[RECORD EXCERPTS — start]
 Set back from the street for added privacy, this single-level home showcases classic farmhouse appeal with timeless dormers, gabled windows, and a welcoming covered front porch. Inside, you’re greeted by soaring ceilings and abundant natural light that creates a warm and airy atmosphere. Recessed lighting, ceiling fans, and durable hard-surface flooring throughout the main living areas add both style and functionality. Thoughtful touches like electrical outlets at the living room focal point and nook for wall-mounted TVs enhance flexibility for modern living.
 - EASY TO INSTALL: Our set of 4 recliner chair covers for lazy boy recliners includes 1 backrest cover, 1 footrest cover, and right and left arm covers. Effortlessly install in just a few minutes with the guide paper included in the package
[RECORD EXCERPTS — finish]
[RECORD EXCERPTS — start]
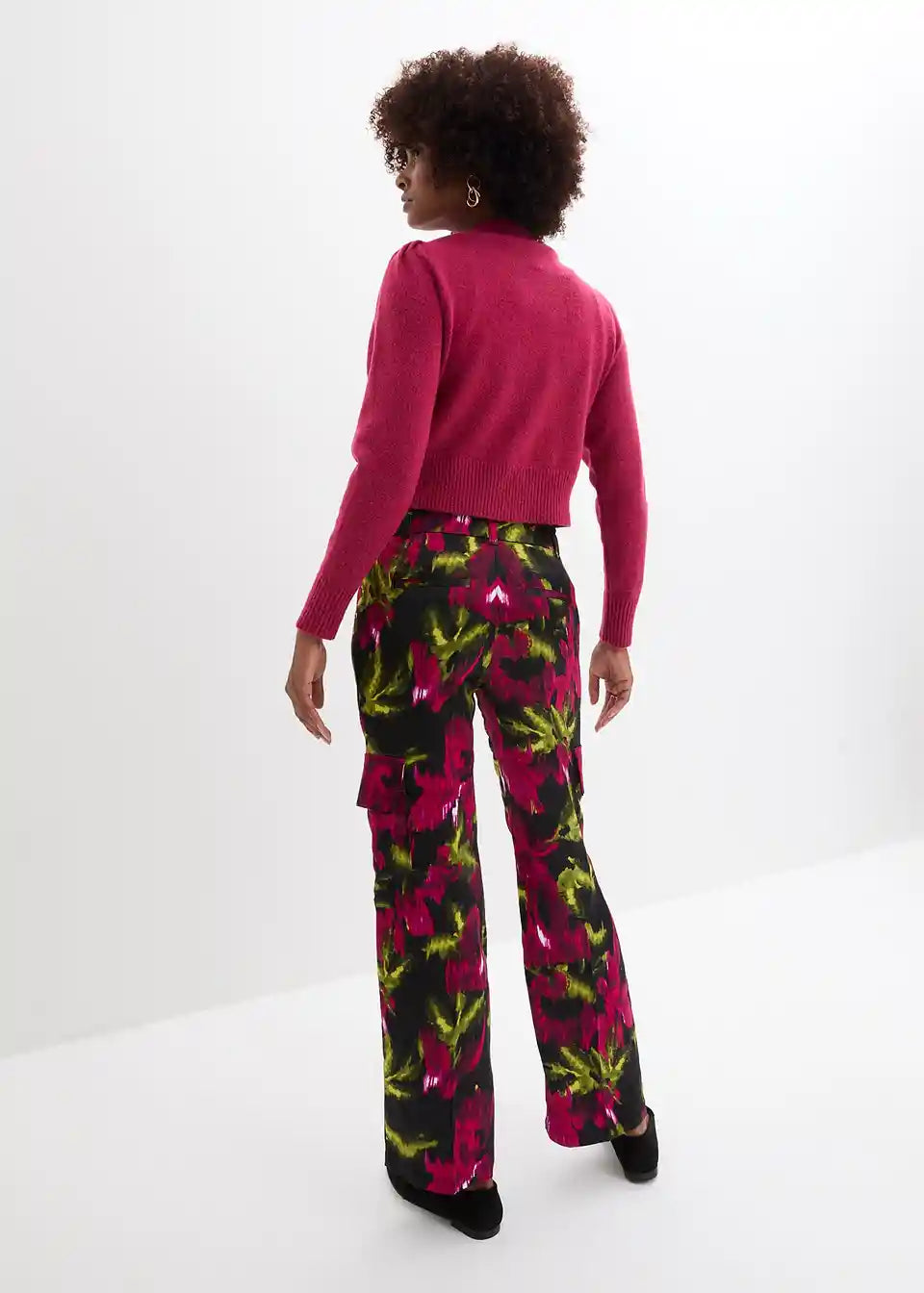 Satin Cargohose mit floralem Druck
[RECORD EXCERPTS — finish]
[RECORD EXCERPTS — start]
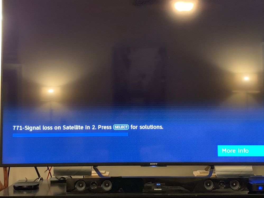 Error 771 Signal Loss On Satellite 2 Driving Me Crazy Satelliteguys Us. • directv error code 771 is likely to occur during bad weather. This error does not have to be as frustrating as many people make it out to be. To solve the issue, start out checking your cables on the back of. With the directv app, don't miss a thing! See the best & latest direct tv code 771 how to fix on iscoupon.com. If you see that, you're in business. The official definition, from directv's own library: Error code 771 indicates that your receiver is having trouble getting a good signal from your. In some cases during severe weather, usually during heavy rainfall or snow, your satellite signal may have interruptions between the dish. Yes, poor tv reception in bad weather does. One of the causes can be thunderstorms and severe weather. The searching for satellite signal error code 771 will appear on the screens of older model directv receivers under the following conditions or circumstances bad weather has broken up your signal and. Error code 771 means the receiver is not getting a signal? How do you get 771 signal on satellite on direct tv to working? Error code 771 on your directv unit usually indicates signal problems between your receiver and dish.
[RECORD EXCERPTS — finish]
— WHAT YOU SHOULD DO —
Restate word for word the lines in the material above from the one with "Set back from" to the one with "- EASY TO INSTALL: Our"; both of those lines count, and nothing else does.

— RESULT OF THE TASK —
 Set back from the street for added privacy, this single-level home showcases classic farmhouse appeal with timeless dormers, gabled windows, and a welcoming covered front porch. Inside, you’re greeted by soaring ceilings and abundant natural light that creates a warm and airy atmosphere. Recessed lighting, ceiling fans, and durable hard-surface flooring throughout the main living areas add both style and functionality. Thoughtful touches like electrical outlets at the living room focal point and nook for wall-mounted TVs enhance flexibility for modern living.
 - EASY TO INSTALL: Our set of 4 recliner chair covers for lazy boy recliners includes 1 backrest cover, 1 footrest cover, and right and left arm covers. Effortlessly install in just a few minutes with the guide paper included in the package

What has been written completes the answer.